§ **Task objective**
Below, locate the line that contains "Donner HUSH-I porušuje". Repeat exactly from that line to the line that contains "DIN德標(biāo)套管12~36kV/250~630A穿桿式套管", inclusive, leaving out the pictures.
─── Provided data
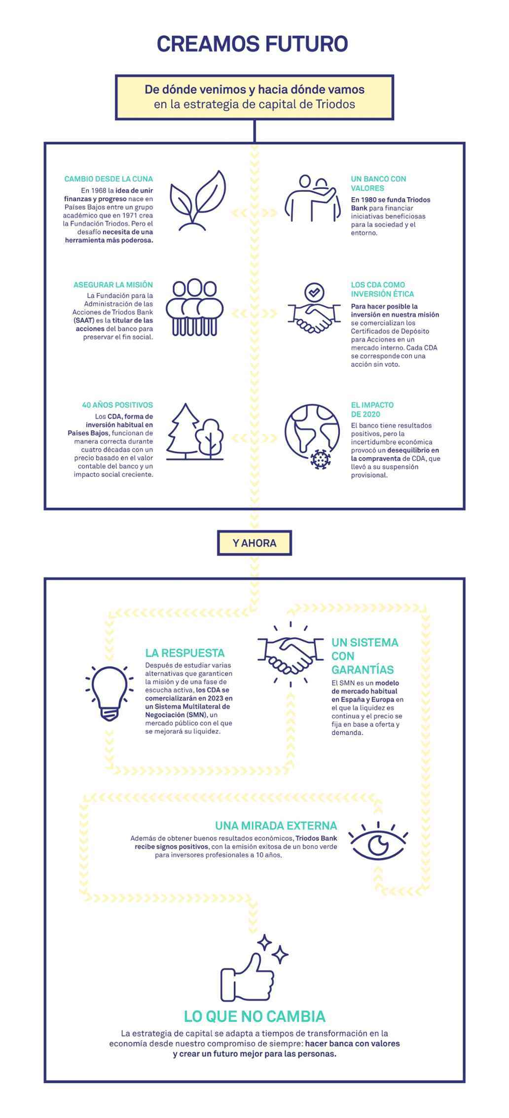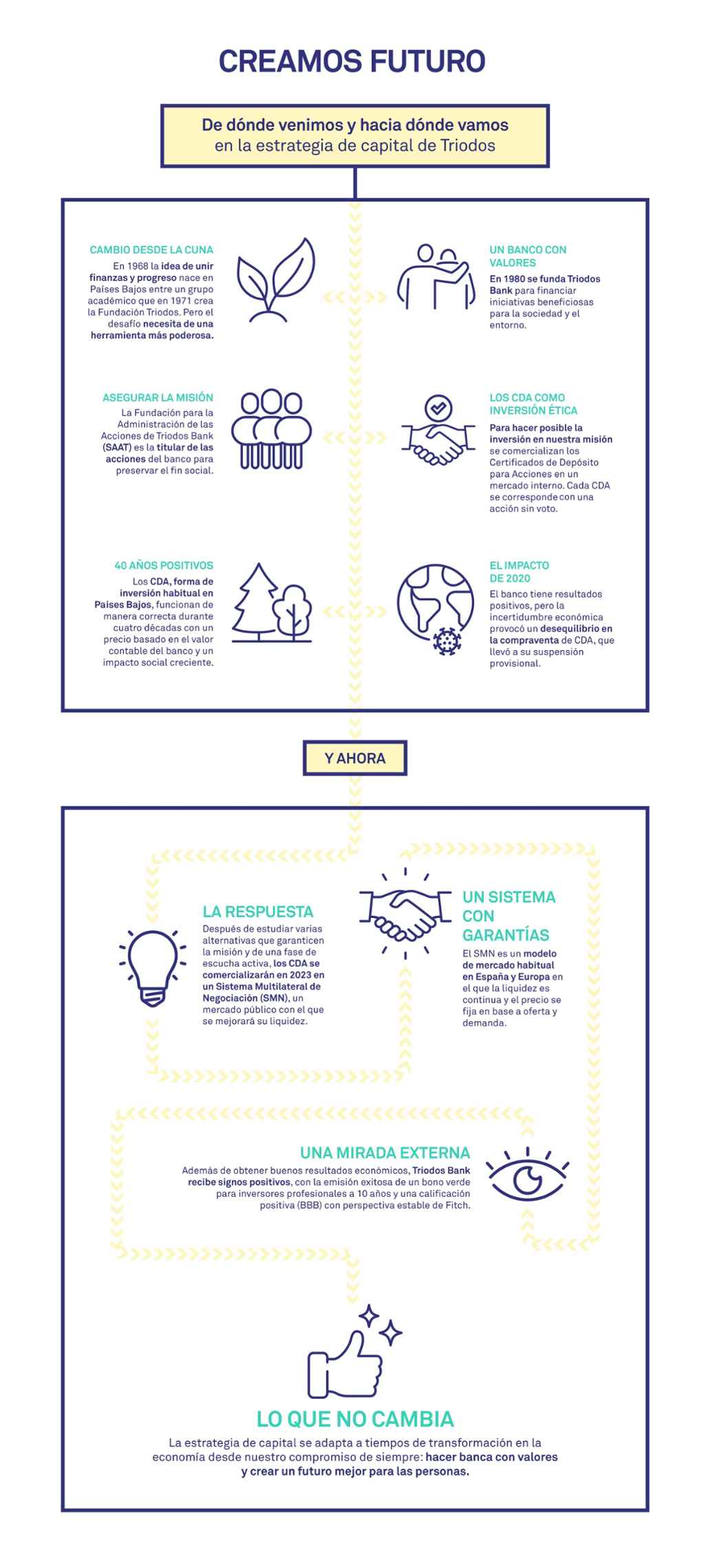 Lanzamos 'Creamos futuro', una serie de piezas informativas pensada para personas como tú, que quieres ser consciente de tu relación con el dinero. Te contaremos de forma sencilla cómo funciona nuestra estrategia de capital y modelo de propiedad, corazón de nuestro impacto social como banca con valores y su futuro.
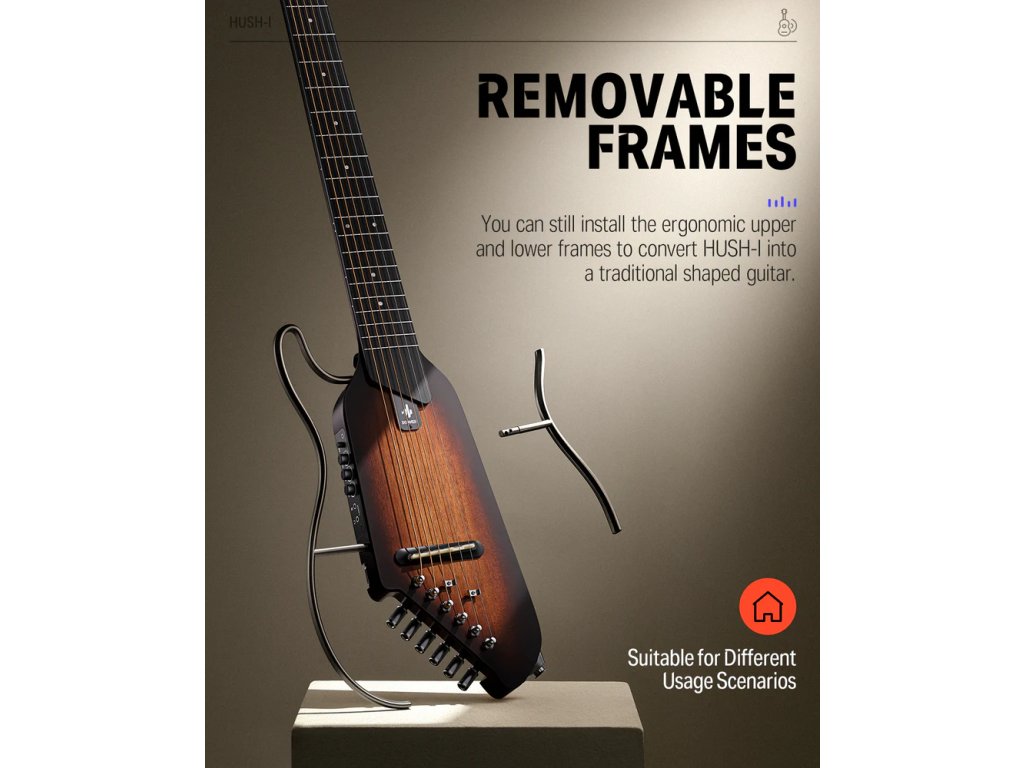 Donner HUSH-I porušuje konvence s bezhlavým stručným designem rámu, který poskytuje dokonalé zhutnění pro cestování a různé herní scénáře. Celkový design a výběr materiálu hmatníku a rámu také šetří extra použití dřeva, díky čemuž je Donner HUSH-I jednou z nejekologičtějších dřevěných kytar.
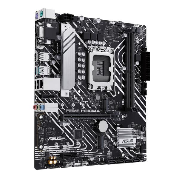 ASUS PRIME H610M-A-CSM (Socket 1700, mATX, 2xDDR5(96GB), VGA / DP / HDMI, 1xPCIe 4.0x16 / 1xPCIe 3.0, 1xLAN, 4xSATA 6Gb / s, 2xM.2, 1xM.2 E key, 2xUSB 3.2, 2xUSB 2.0, 2xPS / 2)
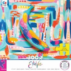 This 300 piece puzzle by artist, Sarah Phillips known for food photography, depicts a colorful collage of avocados, tomatoes, and flowers.
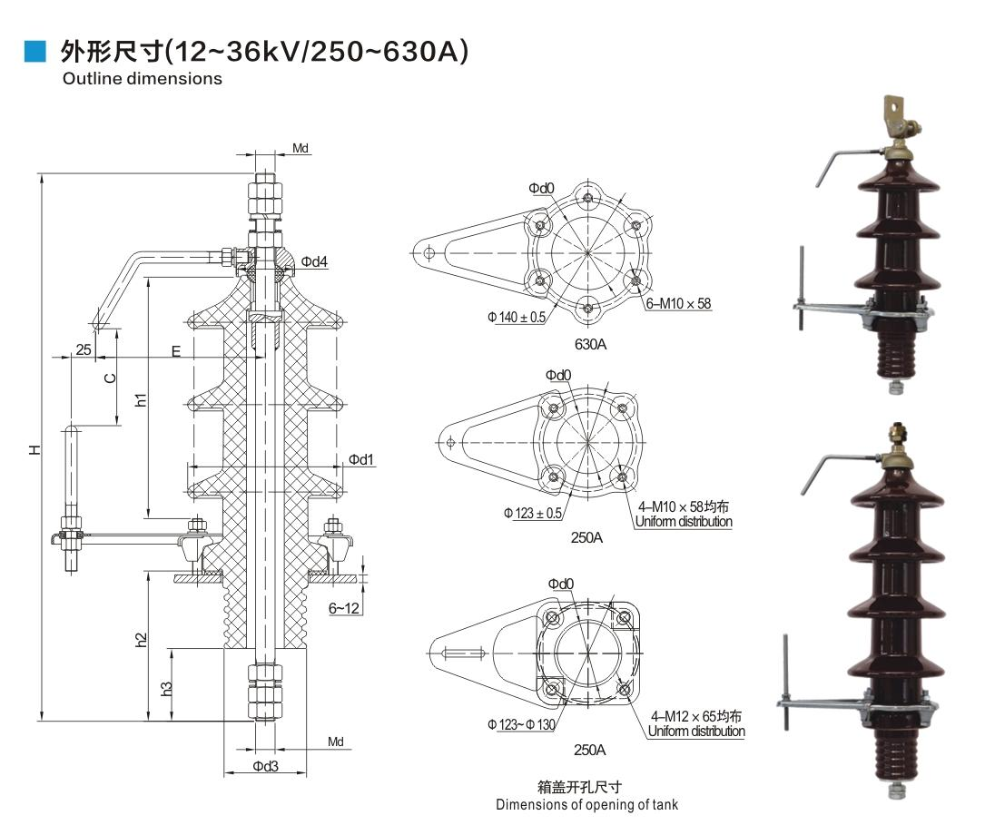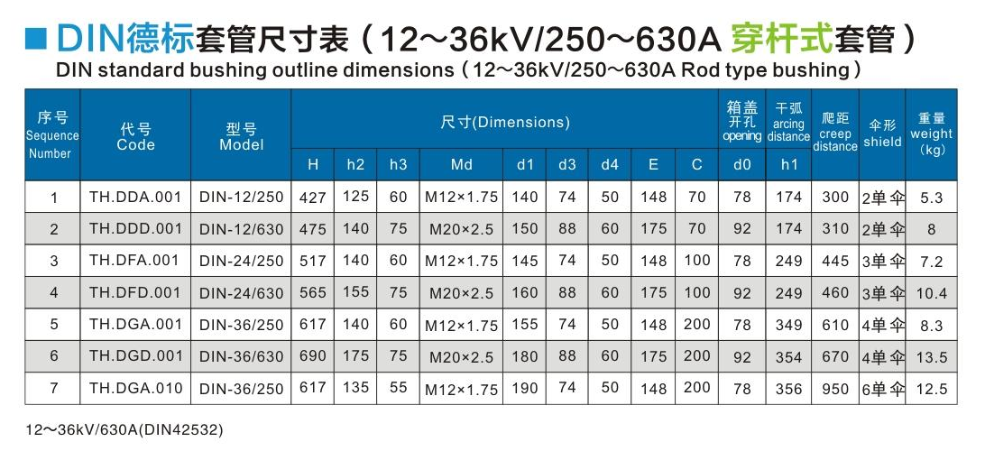 DIN德標(biāo)套管12~36kV/250~630A穿桿式套管
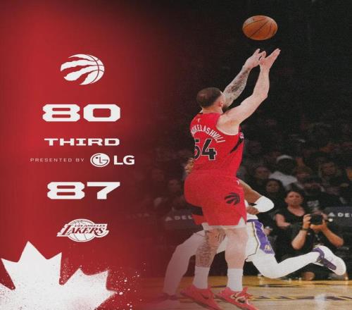 第三節最後2分鍾,猛龍防守出現問題,詹姆斯和八村塁連中三分,湖人拉開到8分。三節打完,湖人87-80領先猛龍7分。艾頓9中9已經砍下18分,拉拉維亞5中1僅得2分。昨天打開拓者,拉拉維亞全場2中0,估計他要被拿下首發了。
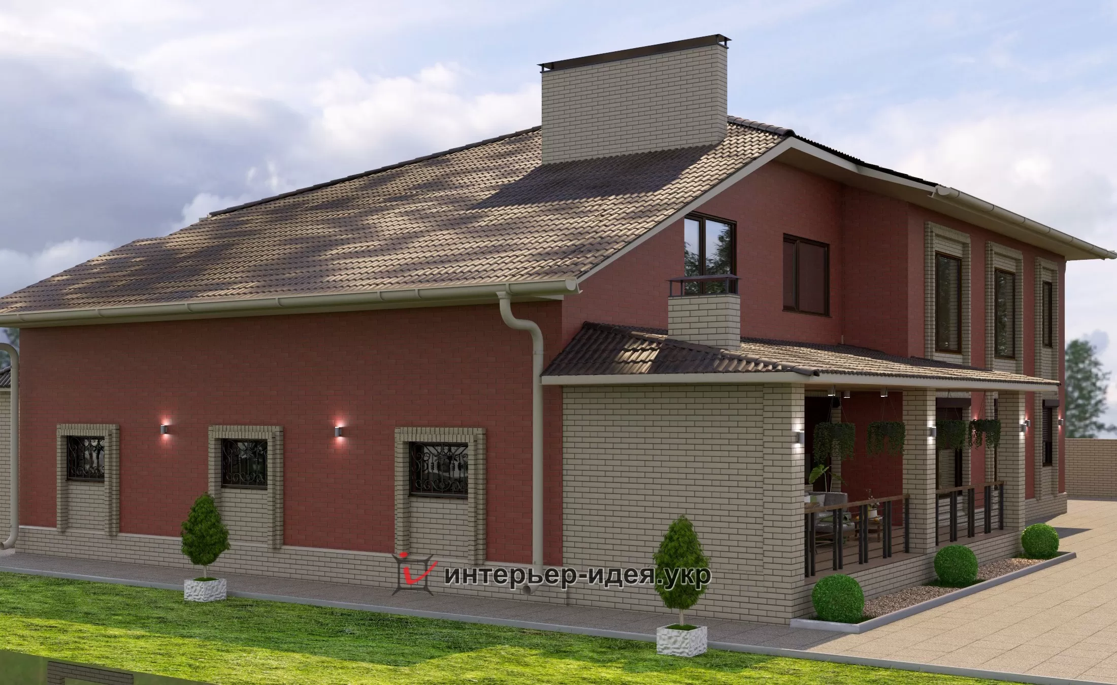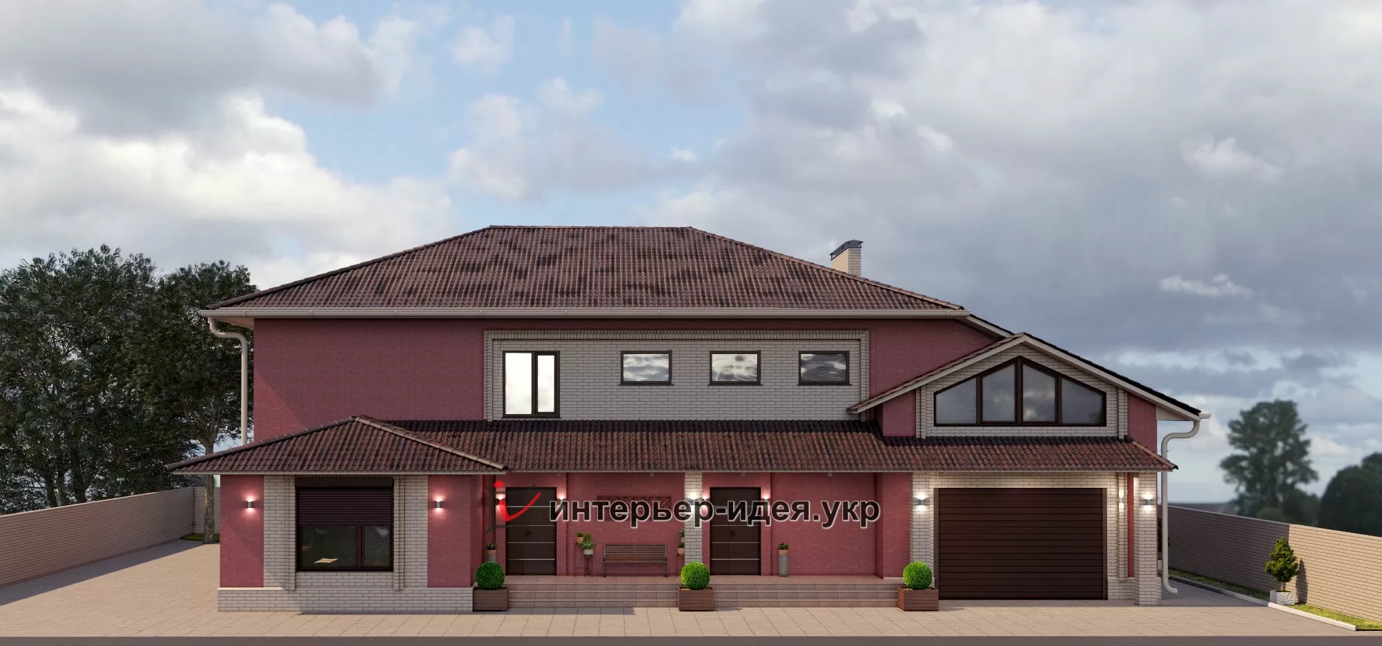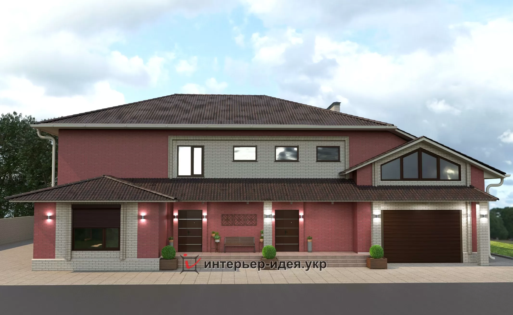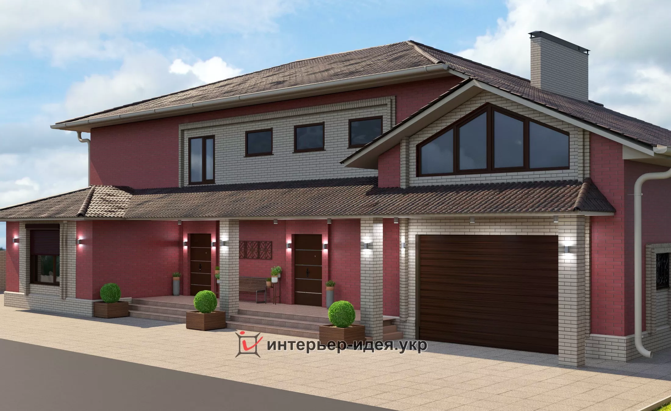 Так как дом большой, большую часть кирпича выбрали темную - бордо, визуально уменьшает объем, и разбавили его выделив светлыми вставками вокруг окон.
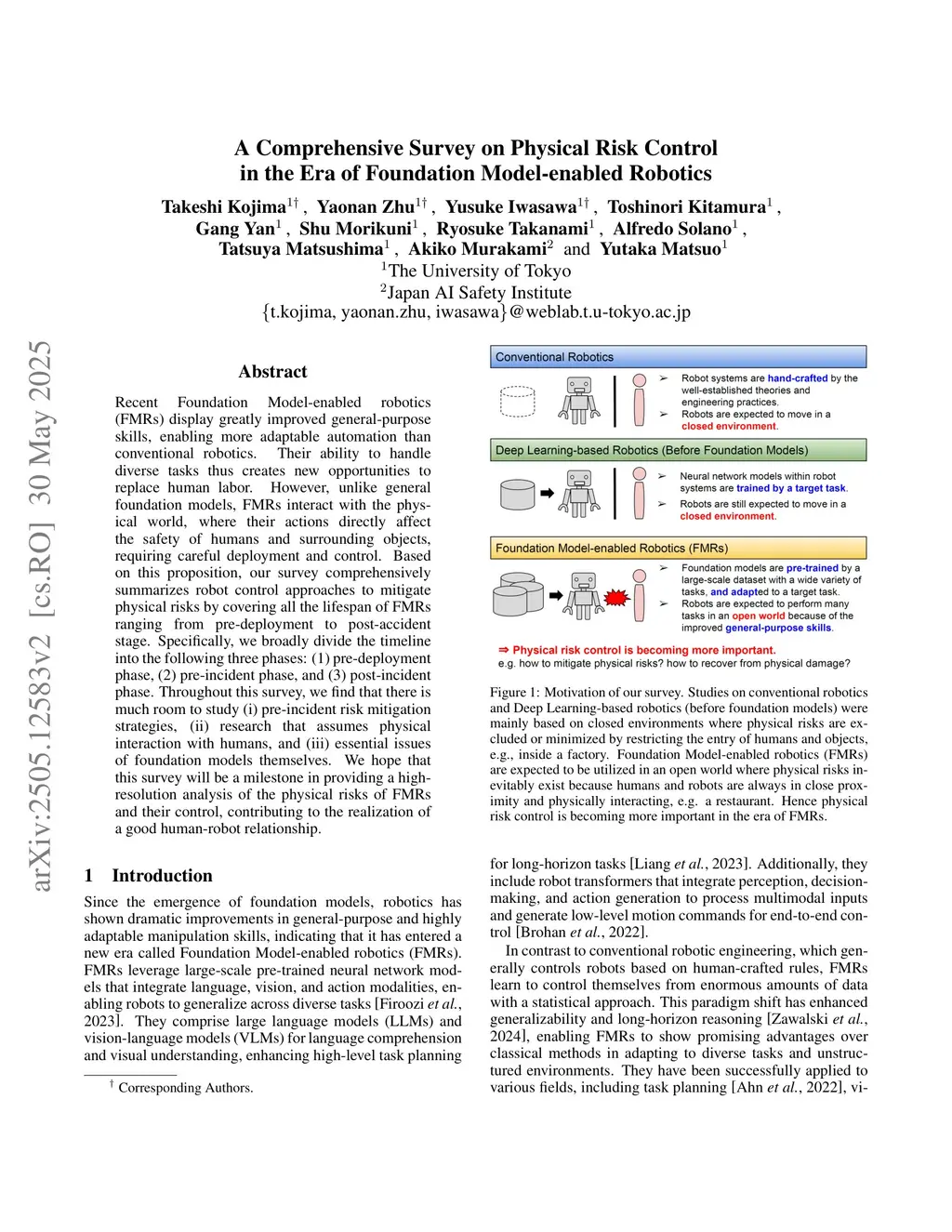 Recent Foundation Model-enabled robotics (FMRs) display greatly improved general-purpose skills, enabling more adaptable automation than conventional robotics. Their ability to handle diverse tasks thus creates new opportunities to replace human labor. However, unlike general foundation models, FMRs interact with the physical world, where their actions directly affect the safety of humans and surrounding objects, requiring careful deployment and control. Based on this proposition, our survey comprehensively summarizes robot control approaches to mitigate physical risks by covering all the lifespan of FMRs ranging from pre-deployment to post-accident stage. Specifically, we broadly divide the timeline into the following three phases: (1) pre-deployment phase, (2) pre-incident phase, and (3) post-incident phase. Throughout this survey, we find that there is much room to study (i) pre-incident risk mitigation strategies, (ii) research that assumes physical interaction with humans, and (iii) essential issues of foundation models themselves. We hope that this survey will be a milestone in providing a high-resolution analysis of the physical risks of FMRs and their control, contributing to the realization of a good human-robot relationship.
──────
§ **Result below**
 Donner HUSH-I porušuje konvence s bezhlavým stručným designem rámu, který poskytuje dokonalé zhutnění pro cestování a různé herní scénáře. Celkový design a výběr materiálu hmatníku a rámu také šetří extra použití dřeva, díky čemuž je Donner HUSH-I jednou z nejekologičtějších dřevěných kytar.
 ASUS PRIME H610M-A-CSM (Socket 1700, mATX, 2xDDR5(96GB), VGA / DP / HDMI, 1xPCIe 4.0x16 / 1xPCIe 3.0, 1xLAN, 4xSATA 6Gb / s, 2xM.2, 1xM.2 E key, 2xUSB 3.2, 2xUSB 2.0, 2xPS / 2)
 This 300 piece puzzle by artist, Sarah Phillips known for food photography, depicts a colorful collage of avocados, tomatoes, and flowers.
 DIN德標(biāo)套管12~36kV/250~630A穿桿式套管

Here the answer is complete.